Cette même année-là, en 2006, la journaliste avait déjà atteint une telle popularité grâce aux sept qu’elle avait à l’écran sur Channel 9 qu’elle a décidé de profiter et de rentabiliser son image à travers une société événementielle, créée par elle-même : Bencomunicat, « spécialistes dans l’élaboration de scénarios et de présentations d’événements animés par Maribel Vilaplana, journaliste et présentatrice des programmes d’information de Channel 9, Notícies 9 Migdia et experte en communication ». Jusqu’à la fermeture de la chaîne régionale en novembre 2013, Vilaplana a rendu les deux facettes compatibles, mais c’est après la fermeture des volets de Canal 9 qu’elle a décidé de renforcer son profil de formatrice et coach en communication. « Je me suis réinventé plusieurs fois », a-t-il expliqué dans de nombreuses interviews. Elle est aujourd’hui conseillère en communication et relations institutionnelles et porte-parole de Levante UD mais aussi « consultante et formatrice en communication à fort impact et conférencière », comme indiqué sur sa page Linkedin. En fait, dans cette année post-Ventorro, il n’a pas arrêté de travailler, malgré le recul public qu’il a pris depuis 29-O.
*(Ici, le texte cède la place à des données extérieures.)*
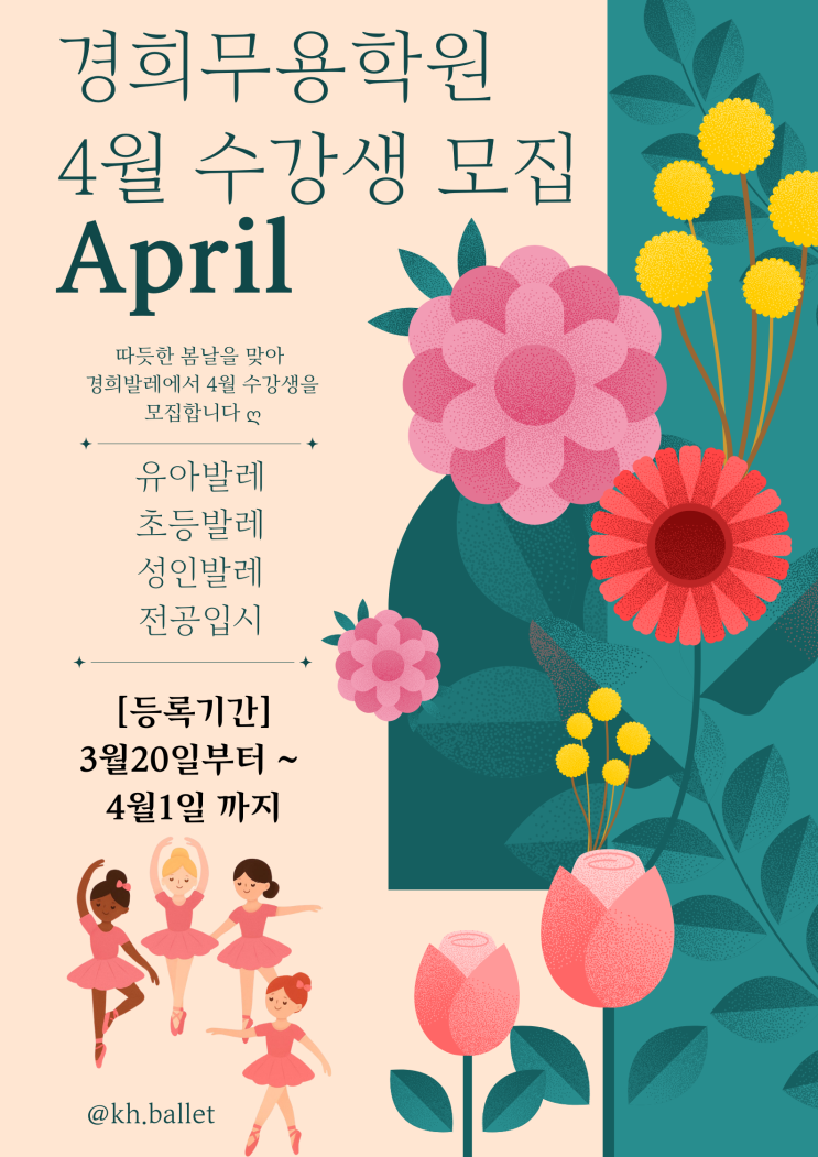 안녕하세요~ 노원발레의 중심!! 경희 로맨틱발레 무용학원입니다. 어제 비가오고나서 뿌옇게 하늘을 채우던 미세먼지들이 물러가고 오랜만에 화창한 봄 하늘을 볼수있었습니다 ^-^ 아침,저녁으로는 아직까지 일교차가 큰 만큼 건강관리에 유의하시길 바라며 날씨가 풀린만큼 음식관리도 전보다 신경써서 섭취를 하셔야 할 것 같습니다 ㅎㅎ 봄 하면 역시 !! 발레와 가장 잘 어울리는 계절인데 따듯해진 날씨와 더불어 경희발레와 함께 발레를 시작해 보는건 어떠실런지요 >.< 유아,초등 취미발레부터 예중,예고 대학입시를 준비하는 전공예비반과 전공입시반 발레를 처음 접하는 왕초보부터 중급이상 토슈즈 수업등 다양한 레벨별 수업을 진....... <img src="https://blogthumb.pstatic.net/MjAyNjAzMTlfMjM3/MDAxNzczOTI4MTIzMTAz.-XhA5thhkDleTPN7KztpfruvbCkZGDKaIafdRIkeKEsg._hwyrDpsVAEon-qyvV1ingH2NCaVjnTTaURfx7YrR2Ag.PNG/%B0%E6%C8%F14%BF%F9%BC%F6%B0%AD%BB%FD%B8%F0%C1%FD.png?type=s3" />

Divorcée de son collègue journaliste Xavier Carrau et mère de deux enfants, Vilaplana fait aujourd’hui face à un « direct » très compliqué, qu’elle n’aurait jamais imaginé lorsque ce jour-là le président de la Generalitat l’a convoquée à déjeuner malgré l’alerte rouge déjà décrétée et avec des dizaines de municipalités sous les vagues des ravins.